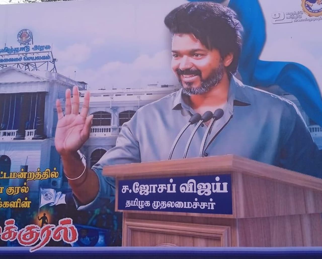 அந்த பேனரில் தமிழ்நாடு சட்டமன்றம் பின்னால் இருப்பது போன்றும் அதற்கு முன்னே டேபிள் முன் நின்று கொண்டு நடிகர் விஜய் பேசுவது போன்றும் பேனர் வைக்கப்பட்டுள்ளது. அந்த பேசும் டேபிள் முன் பக்கம் ச.ஜோசப் விஜய் தமிழக முதலமைச்சர் என்று எழுதப்பட்டு வைக்கப்பட்டுள்ளது. மேலும் 2026 -ல் தமிழக சட்டமன்றத்தில் உங்கள் குரல் மக்களின் உரிமை குரல் என்றும், ஆளப்பிறந்தவர் தளபதி என்ற வாசகங்கள் பேனரில் பொறிக்கப்பட்டுள்ளது. தற்போது இந்த பேனர் இணையத்தில் வைரலாகி வருகிறது.
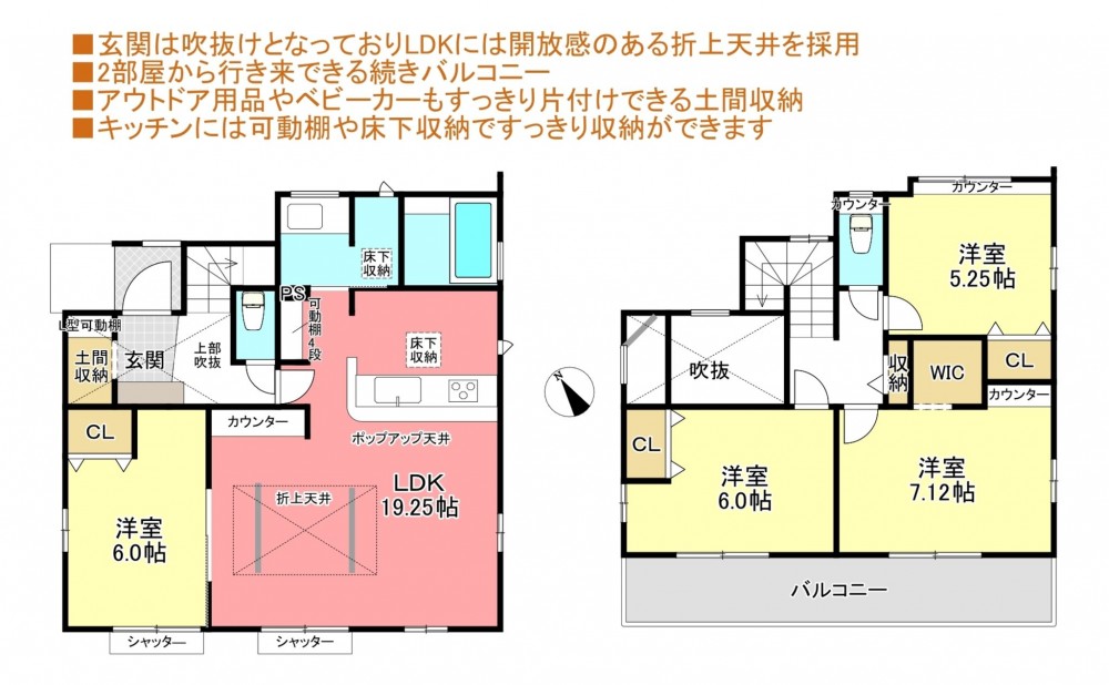 ■玄関は吹抜けとなっておりLDKには開放感のある折上天井を採用
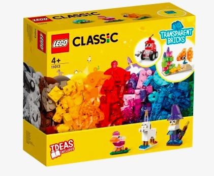 Zestaw konstrukcyjny LEGO? Classic 11013 Kreatywne przezroczyste klocki zawiera komplet olśniewających przezroczystych elementów LEGO w różnych kolorach, kształtach i rozmiarach, a także ekscytujący wybór klasycznych klocków, elementów, oczu i kółek LEGO. Jest tam wszystko, czego dzieci potrzebują, żeby twórcza zabawa trwała wiele godzin.

**Work required:**
Would you return the material above exactly, apart from its pictures?

**Solution:**
 அந்த பேனரில் தமிழ்நாடு சட்டமன்றம் பின்னால் இருப்பது போன்றும் அதற்கு முன்னே டேபிள் முன் நின்று கொண்டு நடிகர் விஜய் பேசுவது போன்றும் பேனர் வைக்கப்பட்டுள்ளது. அந்த பேசும் டேபிள் முன் பக்கம் ச.ஜோசப் விஜய் தமிழக முதலமைச்சர் என்று எழுதப்பட்டு வைக்கப்பட்டுள்ளது. மேலும் 2026 -ல் தமிழக சட்டமன்றத்தில் உங்கள் குரல் மக்களின் உரிமை குரல் என்றும், ஆளப்பிறந்தவர் தளபதி என்ற வாசகங்கள் பேனரில் பொறிக்கப்பட்டுள்ளது. தற்போது இந்த பேனர் இணையத்தில் வைரலாகி வருகிறது.
 ■玄関は吹抜けとなっておりLDKには開放感のある折上天井を採用
 Zestaw konstrukcyjny LEGO? Classic 11013 Kreatywne przezroczyste klocki zawiera komplet olśniewających przezroczystych elementów LEGO w różnych kolorach, kształtach i rozmiarach, a także ekscytujący wybór klasycznych klocków, elementów, oczu i kółek LEGO. Jest tam wszystko, czego dzieci potrzebują, żeby twórcza zabawa trwała wiele godzin.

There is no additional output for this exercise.